We can apply hypothesis testing methods to evaluate experimental results across disciplines, such as whether a government program demonstrated its promised benefits, or whether crime-scene DNA evidence matches the suspect’s.
Essentially all internet-based companies (Twitter, Uber, etc.) use these same principles to conduct “A/B tests” to evaluate new features, designs, or algorithms. Just as with our clinical trial example, the company exposes a random sample of users to the new feature, then compares certain metrics (e.g., click-rate, time spent, purchase amount) to those of a control group that doesn’t receive the feature. Whichever iteration performs best wins. For any app on your phone, its creator likely conducted dozens of A/B tests to determine the combination of features and designs that you see, down to the tempting color of the “Purchase” button!
Stop, in the name of good statistics
Failing to understand hypothesis testing guarantees that we will be wrong more often. Too many people blindly accept faulty or pseudo-scientific experimental results or catchy headlines. They sometimes choose to ignore the science altogether, preferring to craft simple, tidy narratives about cause and effect (often merely confirming their preexisting beliefs).

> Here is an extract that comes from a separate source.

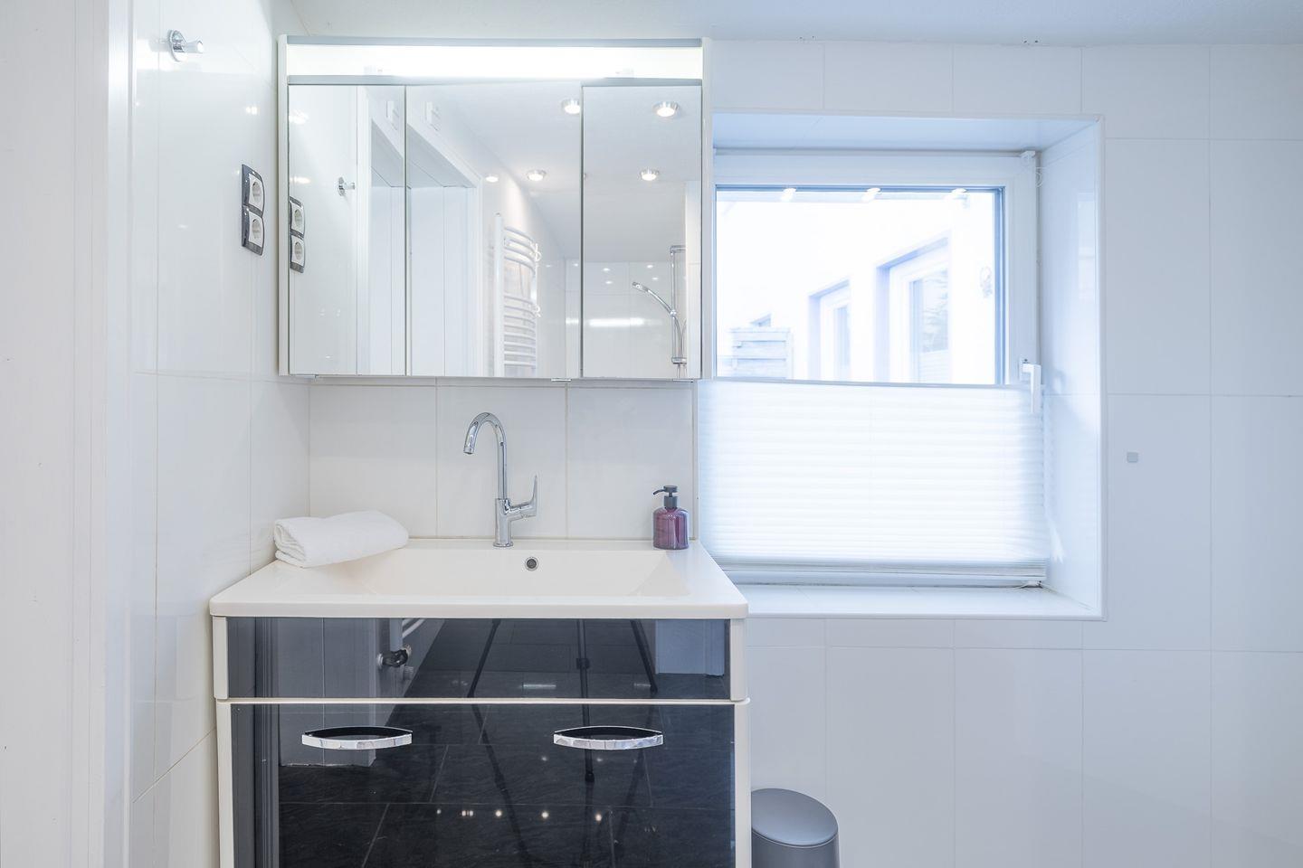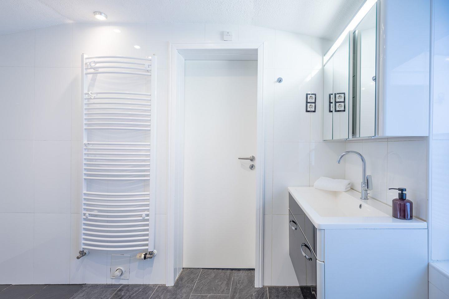 Das große, moderne Badezimmer verfügt über eine ebenerdige Dusche und ein separates WC. Eine Waschmaschine steht Ihnen im Flur zur gemeinschaftlichen Nutzung zur Verfügung.

Even if we do take the time to consider the science, hypothesis testing is far from perfect. Three main points of caution:
- First, achieving statistical significance is not synonymous with finding the “truth.” All it can tell us is whether the results of a given experiment—with all its potential for random error, unconscious bias, or outright manipulation—are consistent with the null hypothesis, at a certain significance level.

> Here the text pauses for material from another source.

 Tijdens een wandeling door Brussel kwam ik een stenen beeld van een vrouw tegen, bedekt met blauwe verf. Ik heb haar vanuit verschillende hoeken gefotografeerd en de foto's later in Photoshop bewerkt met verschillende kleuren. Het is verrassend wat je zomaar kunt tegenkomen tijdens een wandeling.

- Second, significance ≠ importance. To “reject” the null hypothesis is simply to assert that the effect under study is not zero, but the effect could still be very small or not important. For example, our new drug could triple the likelihood of an extreme side effect from, say, 1-in-3 million to 1-in-1 million, but that side effect remains so rare as to be essentially irrelevant.3
- Third, a significance test, by definition, has only a certain degree of precision which is never 100%. And improbable things happen all the time. For example, a significance level of 5% literally implies a 1-in-20 chance of incorrectly accepting experimental results as true. This enables the nasty “multiple testing” problem, which occurs when researchers perform many significance tests but only report the most significant results. For example, if we do 10 trials of a useless drug with a 5% significance level, the chance of getting at least one statistically significant result gets as high as 40%! You can see the incentive for ambitious researchers—who seek significant results they can publish in prestigious journals—to tinker obsessively to unearth a new “discovery.”4
***
Used properly, hypothesis testing is one of the best data-driven methods we have to evaluate hypotheses and quantify our uncertainty. It provides a statistical framework for the “critical tests” that are indispensable to Popper’s trial-and-error process of knowledge creation.
If you have a theory, start by exploring what experiments have been done about it. Review multiple studies if possible to see if the results have been replicated. And if there aren’t any prior research studies, be careful before making strong, unsubstantiated claims. Even better, see if you or your company can perform your own experiment!